7.12. Example 12: Manufacturing of surface activated nonwoven fabrics
[0147] In this example, nonwoven fabrics were used.
[0148] This example illustrates enablement of inline phage treatment of nonwoven fabrics during manufacturing. As shown in FIG. 8, the processes described enables the treatment of nonwoven fabrics of diverse composition to be impregnated with phages of diverse morphology and host specificity after plasma treatment of the nonwoven fabric inline during a manufacturing process as follows: (1) The nonwoven fabric is plasma-treated (either encased or open-air plasma treatment) in-line in an automated manufacturing process; (2) Surface-active nonwoven fabric can be impregnated on both surfaces using a dip tray (also
called an impregnation tank or dip tank); and (3) The nonwoven fabric is gently dried with an air dryer at temperatures below 50°C that do not denature phage virions.
[0149] Alternatively, the process is as follows: (1) The nonwoven fabric is plasma-treated (either encased or open-air plasma treatment) in-line in an automated manufacturing process; (2) Alternatively, nonwoven fabric can be impregnated on one surface alone using a spray-on or misting apparatus; and (3) The nonwoven fabric is gently dried with an air dryer at temperatures below 50°C that do not denature phage virions.

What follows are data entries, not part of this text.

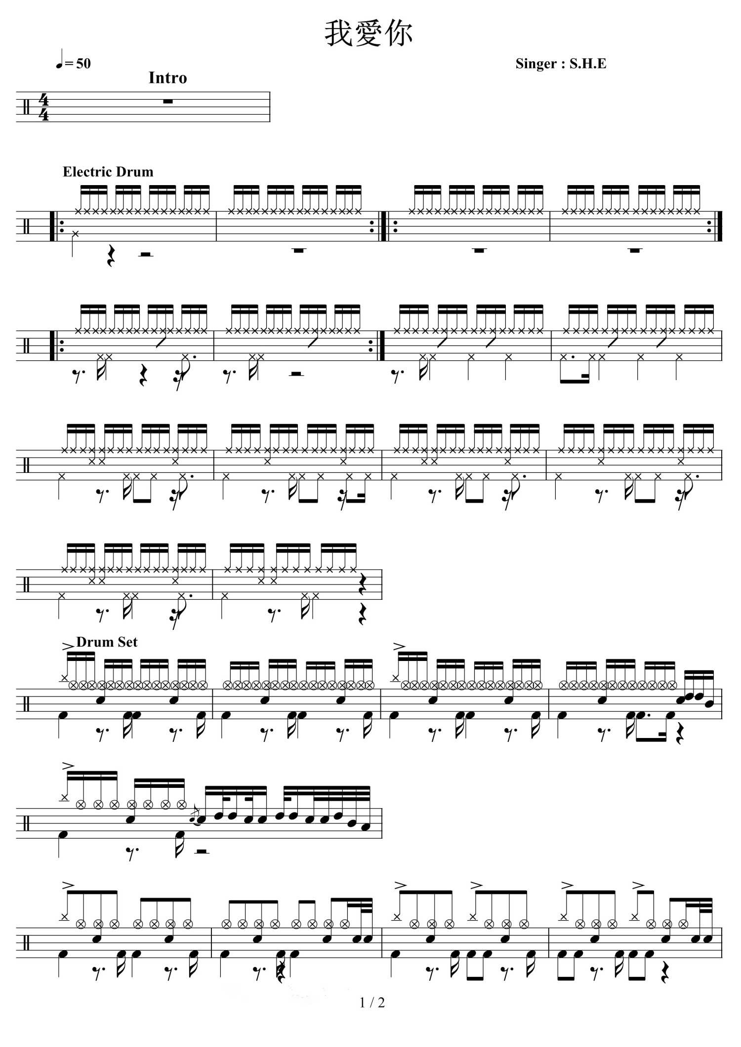 • 我爱你鼓谱 - S.H.E - 架子鼓谱第1张
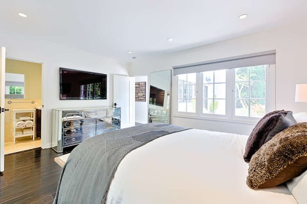 Travellers to West Hollywood admire many things about the city. Its cultural significance and nightlife, exemplified by the Sunset Strip. Its proximity to many popular points of interest in Los Angeles, such as the Hollywood Hills, Hollywood sign, Beverly Hills, the Walk of Fame, and Griffith Park. Also of note, but less celebrated, is the premium selection of vacation rentals in the area. The Olive Branch by Elite Luxury Homes is one among many luxury West Hollywood vacation homes, though it certainly lends itself to those who enjoy the vivacity of central Los Angeles while appreciating their privacy. The Olive Branch is securely and discreetly located at the feet of the in-vogue Bird Streets. Tucked behind stately gates and large hedges, the lush gardens and large avocado trees of this three-bedroom vacation rental in West Hollywood will make you forget your surroundings in no time at all. The luxurious landscaping and architecture will put you in mind of a Mediterranean villa. The garden also features a large deck, outdoor kitchen, barbeque, wet bar, fire pit, and heat lamps. Unlike many Los Angeles vacation rentals, all three spacious bedrooms in this property enjoy ensuite bathrooms with steam showers. The interior, in general, speaks to the designer's regard for both contemporary design and their respect for classic decor. With a sleeping room for eight, this is the perfect Los Angeles vacation home to share with family and friends. Finding a vacation rental in Los Angeles with a better location for sampling the many delights and attractions of the city would be hard to do. Even the coastal attractions of Santa Monica Pier and Venice Beach are within half an hour's reach. From the restaurants, boutique shopping, and nightlife a stone's throw from your door, to the excitement of Universal Studios Hollywood and Six Flags Magic Mountain, there's something for everyone within easy reach.
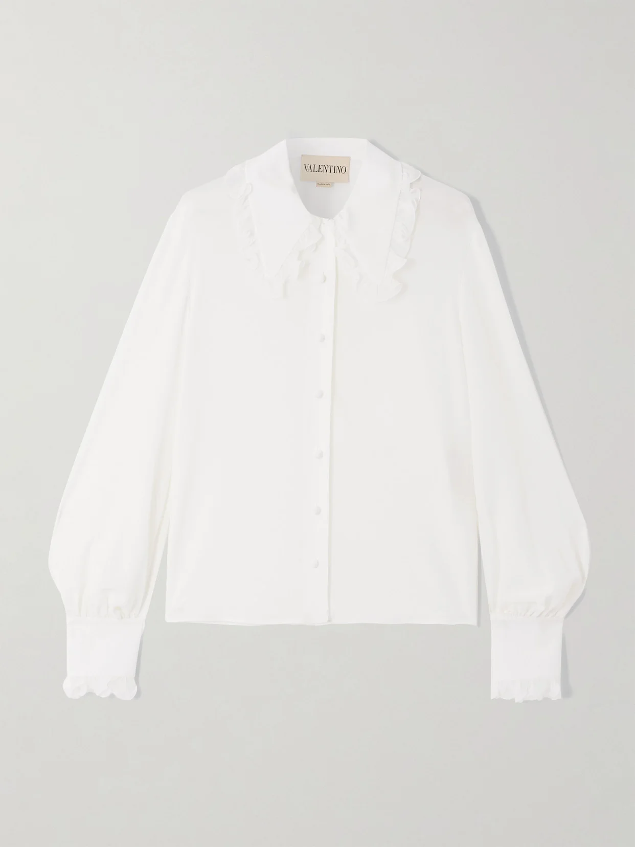 The fluttery collar of Valentino Garavani's shirt makes any outfit look lovelier. It's been tailored in Italy from ultra light silk-crepe, which falls airily through the blouson sleeves.
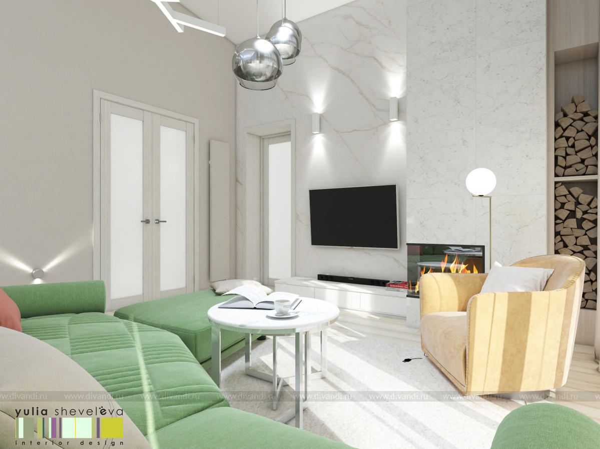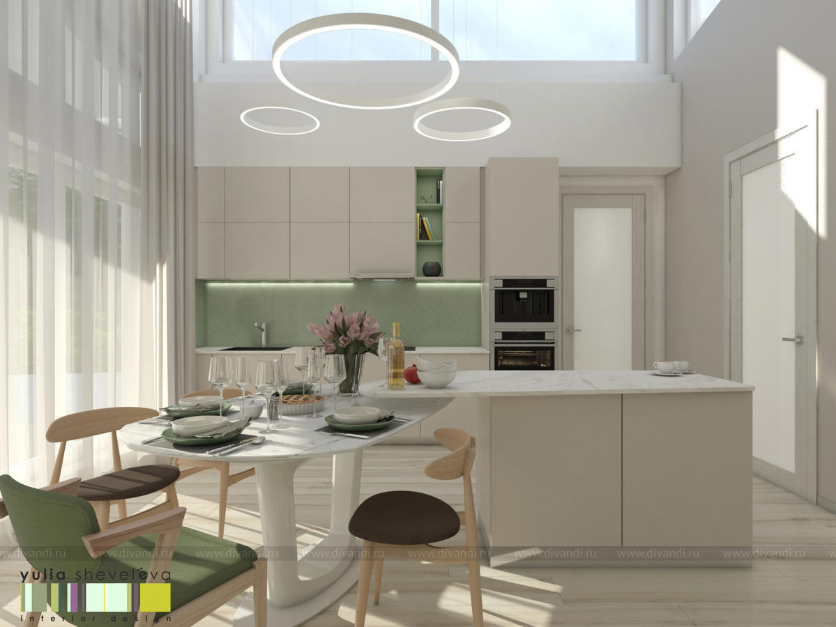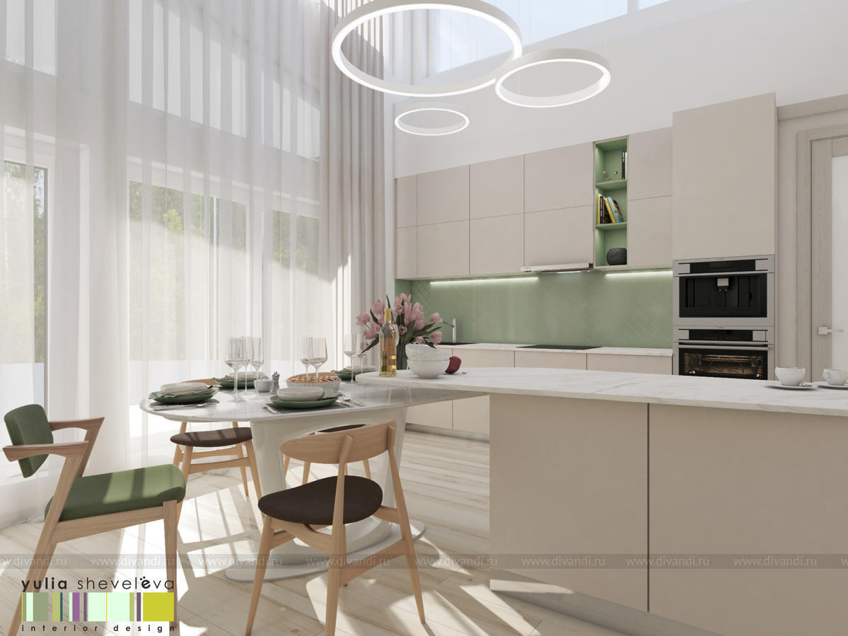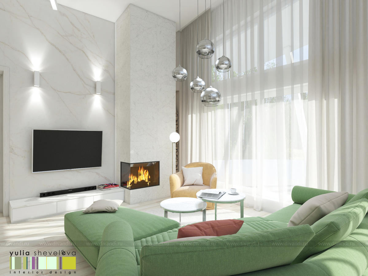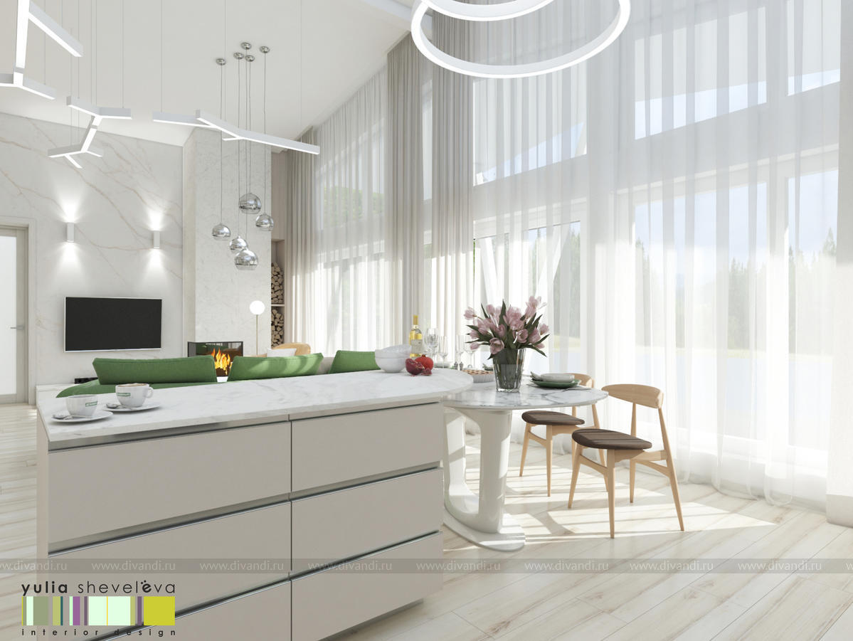 В просторной кухне-гостиной яркий и красивый диван, цвета майской зелени. Напротив - камин, облицованный керамической плиткой «под мрамор». Кухня небольшая, с островной частью и овальным столом. В дополнение есть зона барбекю на террасе и черновая кухня, где будет спрятана часть бытовой техники.

8. EQUIVALENTS AND INCORPORATION BY REFERENCE
[0150] While the invention has been particularly shown and described with reference to a preferred embodiment and various alternate embodiments, it will be understood by persons skilled in the relevant art that various changes in form and details can be made therein without departing from the spirit and scope of the invention.
[0151] All references, issued patents and patent applications cited within the body of the instant specification are hereby incorporated by reference in their entirety, for all purposes.
Claims
1. A composition comprising a phage combination attached to a polymeric fabric, wherein the phage combination comprises one or more sets of phages that infect one or more bacterial species, wherein the phages are selected from Myoviridae, Podoviridae and Siphoviridae , and wherein the polymeric fabric is selected from at least one of a polyhydroxybutyrate (PHB) or a polyethylene terephthalate (PET) nonwoven fabric.
2. The composition of claim 1, wherein the phages are of the genus Pahexavirus or Rosenblumvirus .
3. The composition of claim 1 or claim 2, wherein the phages are tailed viruses.
4. The composition of any one of claims 1-3, wherein the phages are at least one of Myoviridae o Podoviridae.
5. The composition of claim 4, wherein the phages are T4 myoviruses.
6. The composition of claim 5, wherein the phages are podoviruses.
7. The composition of any one of claims 1-6, wherein the one or more sets of phages infect at least one common target bacterial species.
8. The composition of any one of claims 1-7, wherein each set of phages comprises at least two, three, four, five, or more phages selected from one or more phage libraries,
wherein the one or more phage libraries comprise phages from one or more genera.
9. The composition of any one of claims 1-8, wherein the phage combination is noncovalently or covalently attached to the polymeric fabric.
10. The composition of claim 9, wherein the polymeric fabric is synthetic nonwoven fabric.
11. The composition of any one of claims 1-10, wherein the phage combination is deposited onto at least one material that forms at least a portion of a personal care product.
12. The composition of claim 11, wherein the personal care product is selected from a group consisting of facemasks, sanitary pads, tampons, baby diapers, adult incontinence products, or cosmetic facial pads or wipes, fingernail wipes, or patient bathing hygiene textiles.
13. The composition of any one of claims 1-12, wherein the bacterial species is commonly associated with contact dermatitis.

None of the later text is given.